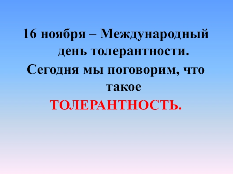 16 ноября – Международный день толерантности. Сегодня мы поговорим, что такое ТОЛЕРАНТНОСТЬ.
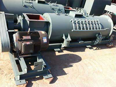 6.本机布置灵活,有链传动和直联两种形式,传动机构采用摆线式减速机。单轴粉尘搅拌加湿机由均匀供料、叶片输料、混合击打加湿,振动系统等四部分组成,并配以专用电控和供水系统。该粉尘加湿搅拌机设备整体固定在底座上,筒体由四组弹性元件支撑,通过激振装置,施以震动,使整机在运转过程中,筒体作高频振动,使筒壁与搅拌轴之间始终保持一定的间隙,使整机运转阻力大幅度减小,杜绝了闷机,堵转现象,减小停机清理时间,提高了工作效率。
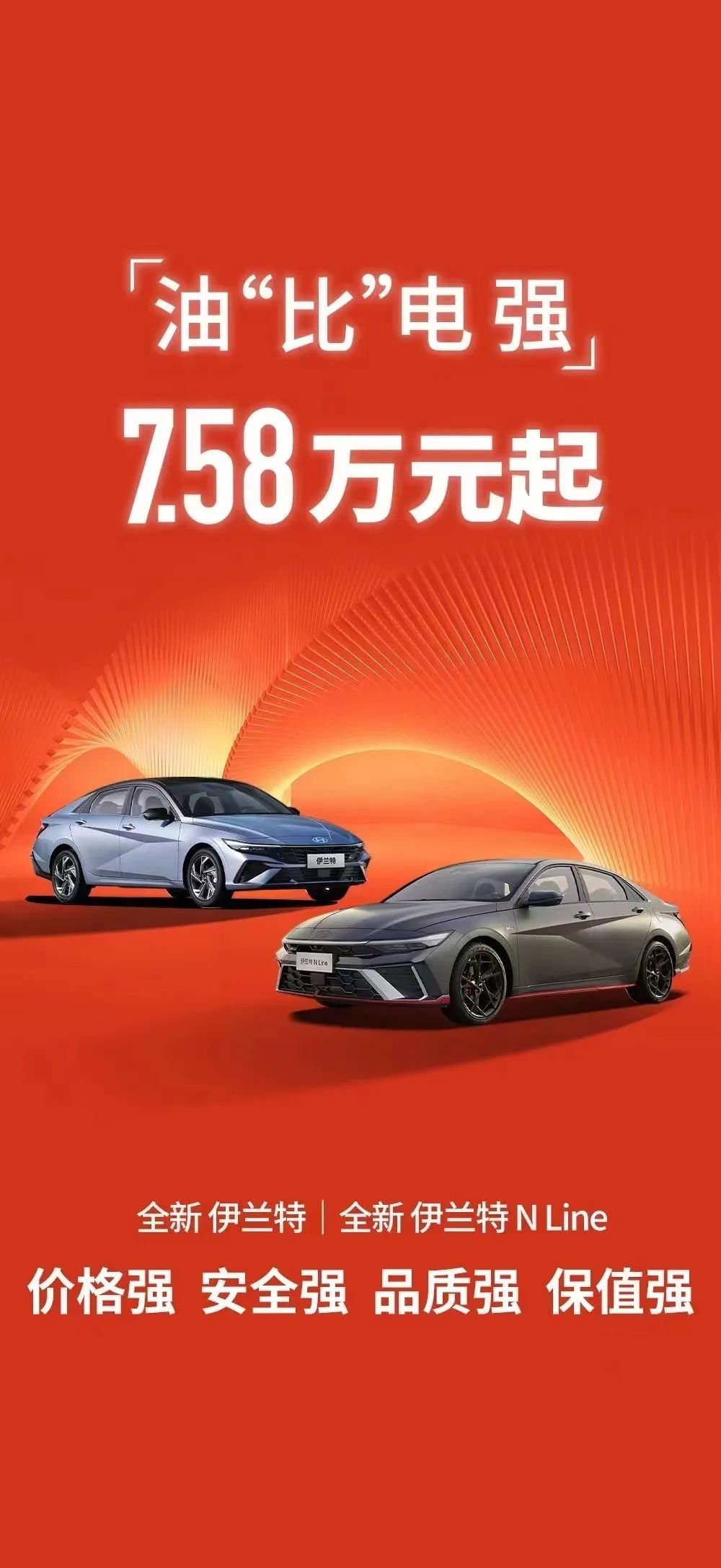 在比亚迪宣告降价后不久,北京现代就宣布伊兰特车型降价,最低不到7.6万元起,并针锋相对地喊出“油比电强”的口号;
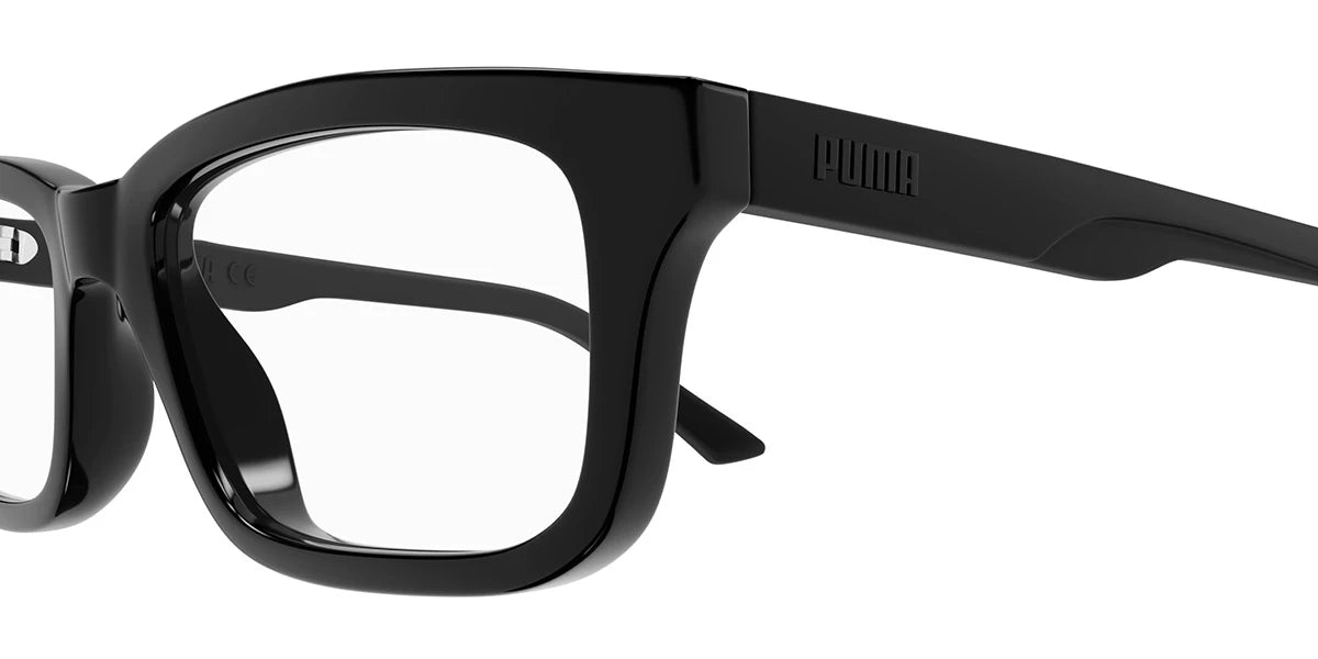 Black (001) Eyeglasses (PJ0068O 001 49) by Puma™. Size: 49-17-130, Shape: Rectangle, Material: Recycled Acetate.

How to complete this task: Exactly as given, set down each line of the material, but include no pictures.

Solution to this task:
 16 ноября – Международный день толерантности. Сегодня мы поговорим, что такое ТОЛЕРАНТНОСТЬ.
 6.本机布置灵活,有链传动和直联两种形式,传动机构采用摆线式减速机。单轴粉尘搅拌加湿机由均匀供料、叶片输料、混合击打加湿,振动系统等四部分组成,并配以专用电控和供水系统。该粉尘加湿搅拌机设备整体固定在底座上,筒体由四组弹性元件支撑,通过激振装置,施以震动,使整机在运转过程中,筒体作高频振动,使筒壁与搅拌轴之间始终保持一定的间隙,使整机运转阻力大幅度减小,杜绝了闷机,堵转现象,减小停机清理时间,提高了工作效率。
 在比亚迪宣告降价后不久,北京现代就宣布伊兰特车型降价,最低不到7.6万元起,并针锋相对地喊出“油比电强”的口号;
 Black (001) Eyeglasses (PJ0068O 001 49) by Puma™. Size: 49-17-130, Shape: Rectangle, Material: Recycled Acetate.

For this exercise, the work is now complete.